ReVuln Demos SCADA Zero Day Vulnerabilities


Security firm ReVuln recently released a video demonstrating zero day vulnerabilities in SCADA systems from General Electric, Schneider Electric, Eaton, Siemens and other companies.

"According to ReVuln, the vulnerabilities allow remote code execution, remote shells access and session hijacking on the PCs that form the foundation of the SCADA installations," The H Security reports. "If the claim is correct, attackers would have the ability to completely take over these systems since many of the control computers are inadvertently accessible over the internet due to their configurations."

"However, ReVuln hasn’t provided the details of the security holes to the organizations whose products are affected, because it only offers its services to companies and governments that request their aid," writes Softpedia's Eduard Kovacs. "This business model has become somewhat controversial, especially after French security firm VUPEN, which also deploys it, has been painted as a 'mercenary' organization that sells its findings only for serious amounts of money."
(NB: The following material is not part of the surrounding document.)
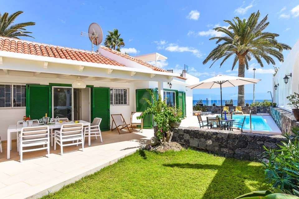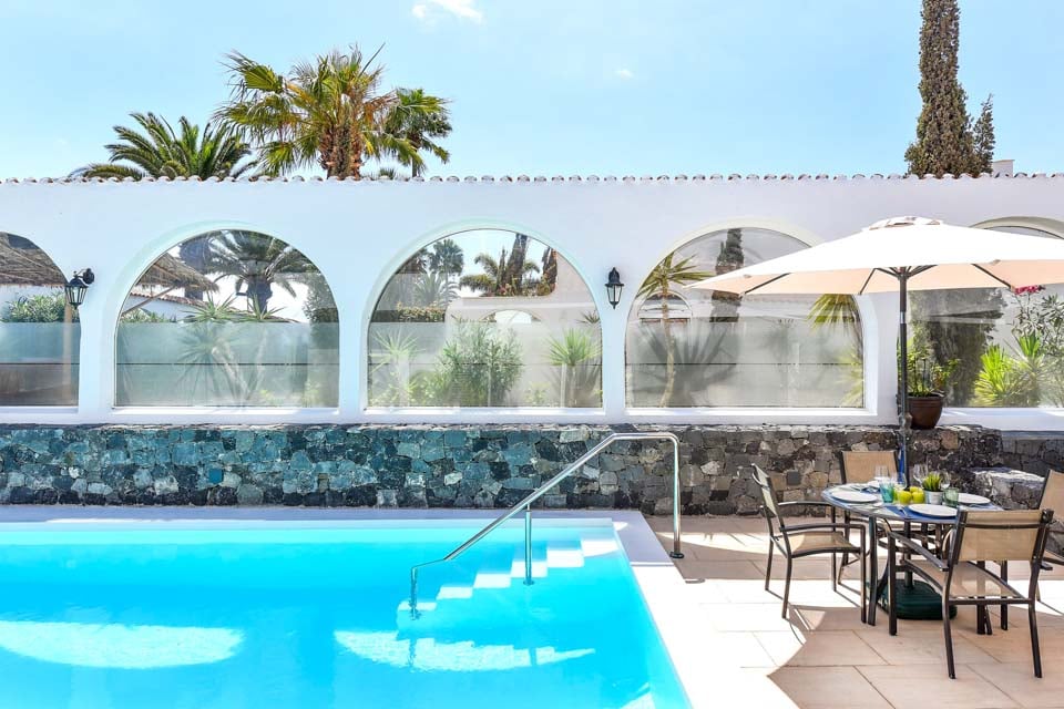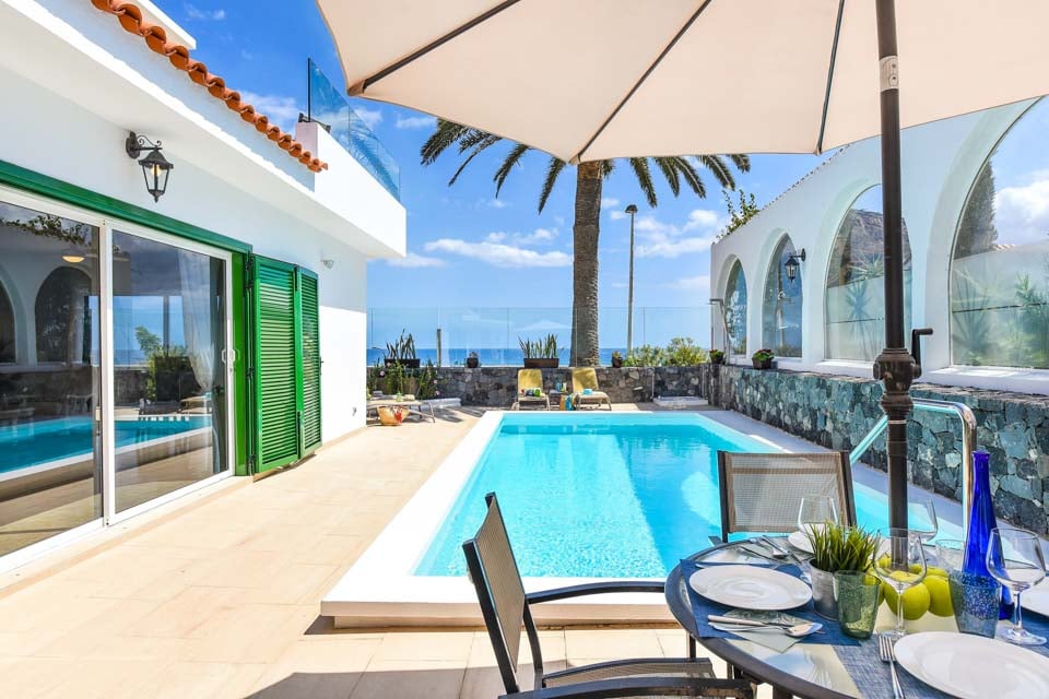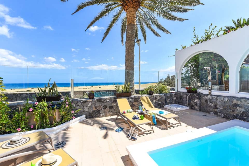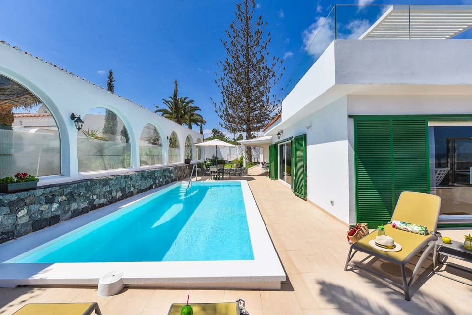 Vackra Gyllene Sahara ligger i Playa del Ingles-området i Maspalomas. Maspalomas är känt för sina enorma sanddyner, sandstränder och attraktiva nattliv och är ett måste för den som söker äventyr. De fantastiska sanddynerna är en syn att se och Golden Sahara erbjuder den mest spektakulära utsikten över dessa skyddade sandattraktioner. Denna underbara villa ståtar med en panoramautsikt över takterrass, mysiga soffor och havsutsikt så långt ögat kan nå, vilket skapar en solig oas för morgonkaffe och nattfröjdar i solnedgången. Den slutna terrassen är omgiven av en vulkanisk stenmur och höga palmer, medan den uppvärmda* poolen på 7,5 x 3,5 meter i centrum står. Det finns också en trädgård runt huset och uteservering med en bärbar grill, perfekt för en lätt lunch när du planerar din eftermiddag i förväg.

"However, the practice is not new," notes Techworld's Lucian Constantin. "It's been known for years in the security research community that some companies and independent researchers are selling information about unpatched vulnerabilities to governments and other private buyers, but such transactions used to be done discreetly."

"ReVuln [was] founded by independent security researcher Luigi Auriemma and former RIM security researcher Donato Ferrante," writes Help Net Security's Zeljka Zorz. "Auriemma is well known in the security community for his work in discovering vulnerabilities [in] any and every kind of software, but in the last few years he has been mostly focusing on ferreting out SCADA vulnerabilities and creating exploits for them."

"Last week Russian developer Positive Technologies said 40 percent of SCADA systems 'available from the internet' were hackable. ... The volume of SCADA vulnerabilities being uncovered makes [ReVuln's] claims, which would have been considered fanciful two years ago, more than credible -- even though they remain unproven," writes The Register's John Leyden.